Figure 1. Generic Windows Defender ATP detections trigger alerts on FinFisher behavior
While our analysis has allowed us to immediately protect our customers, wed like to share our insights and add to the growing number of published analyses by other talented researchers (listed below this blog post). We hope that this blog post helps other researchers to understand and analyze FinFisher samples and that this industry-wide information-sharing translate to the protection of as many customers as possible.
Spaghetti and junk codes make common analyst tools ineffective
In analyzing FinFisher, the first obfuscation problem that requires a solution is the removal of junk instructions and spaghetti code, which is a technique that aims to confuse disassembly programs. Spaghetti code makes the program flow hard to read by adding continuous code jumps, hence the name. An example of FinFishers spaghetti code is shown below.
Figure 2. The spaghetti code in FinFisher dropper
This problem is not novel, and in common situations there are known reversing plugins that may help for this task. In the case of FinFisher, however, we could not find a good existing interactive disassembler (IDA) plugin that can normalize the code flow. So we decided to write our own plugin code using IDA Python. Armed with this code, we removed this first layer of anti-analysis protection.

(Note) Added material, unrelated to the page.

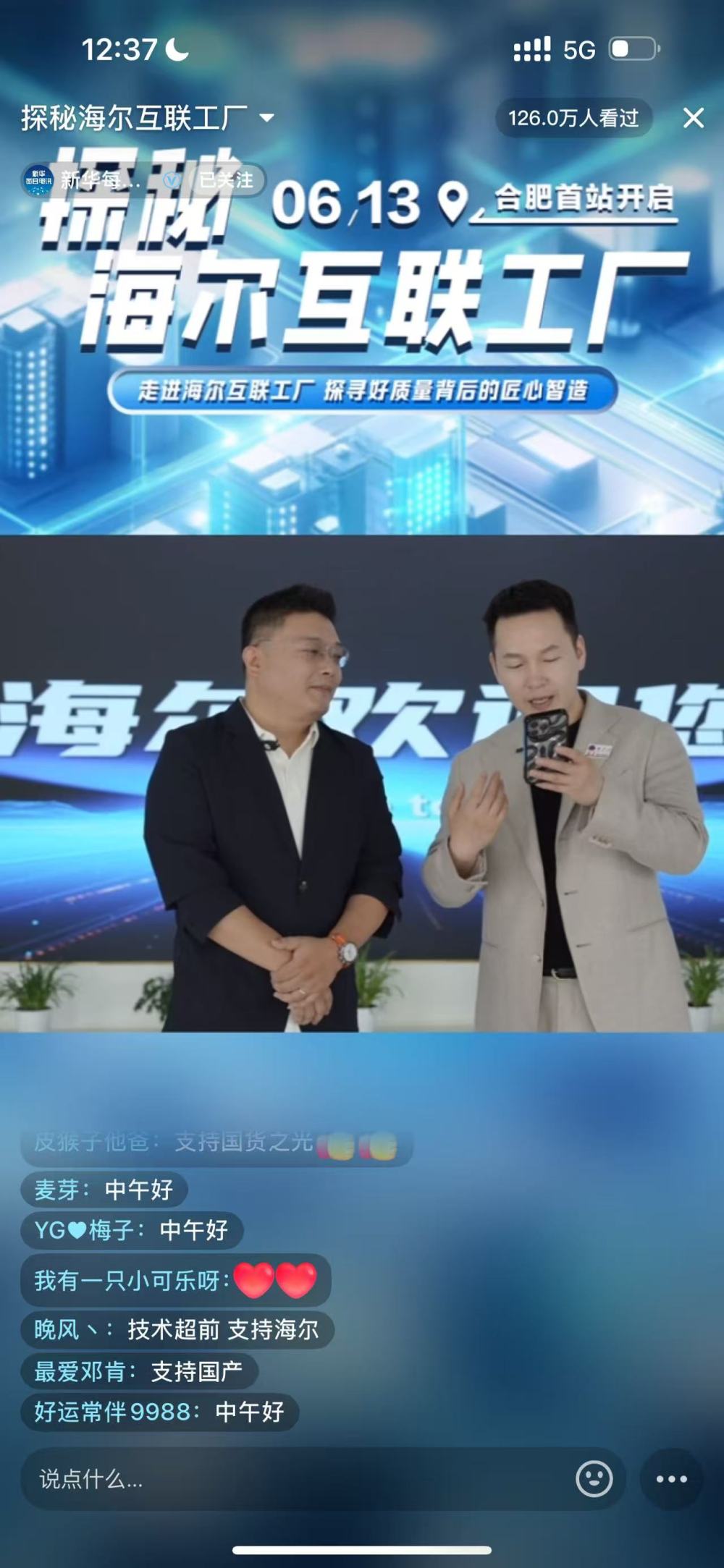 6月13日,以“海爾換新萬里行超級(jí)工廠購(gòu)”為主題的直播探廠活動(dòng)拉開帷幕。新華每日電訊對(duì)海爾合肥互聯(lián)工廠進(jìn)行獨(dú)家探廠直播,帶領(lǐng)觀眾直擊工廠流水線,解密品質(zhì)產(chǎn)品從生產(chǎn)到組裝的全流程,一起見證"好質(zhì)量、好產(chǎn)品、好服務(wù)"的海爾實(shí)力。很多網(wǎng)友留言直呼大開眼界,兩個(gè)多小時(shí)內(nèi)直播間吸引超過130萬人次觀看。

Removing the junk instructions revealed a readable block of code. This code starts by allocating two chunks of memory: a global 1 MB buffer and one 64 KB buffer per thread. The big first buffer is used as index for multiple concurrent threads. A big chunk of data is extracted from the portable executable (PE) file itself and decrypted two times using a custom XOR algorithm. We determined that this chunk of data contains an array of opcode instructions ready to be interpreted by a custom virtual machine program (from this point on referenced generically as VM) implemented by FinFisher authors.
Figure 3. The stages of the FinFisher multi-layered protection mechanisms
Stage 0: Dropper with custom virtual machine
The main dropper implements the VM dispatcher loop and can use 32 different opcodes handlers. Th 64KB buffer is used as a VM descriptor data structure to store data and the just-in-time (JIT) generated code to run. The VM dispatcher loop routine ends with a JMP to another routine. In total, there are 32 different routines, each of them implementing a different opcode and some basic functionality that the malware program may execute.
Figure 4. A snapshot of the code that processes each VM opcode and the associate interpreter
The presence of a VM and virtualized instruction blocks can be described in simpler terms: Essentially, the creators of FinFisher interposed a layer of dynamic code translation (the virtual machine) that makes analysis using regular tools practically impossible. Static analysis tools like IDA may not be useful in analyzing custom code that is interpreted and executed through a VM and a new set of instructions. On the other hand, dynamic analysis tools (like debuggers or sandbox) face the anti-debug and anti-analysis tricks hidden in the virtualized code itself that detects sandbox environments and alters the behavior of the malware.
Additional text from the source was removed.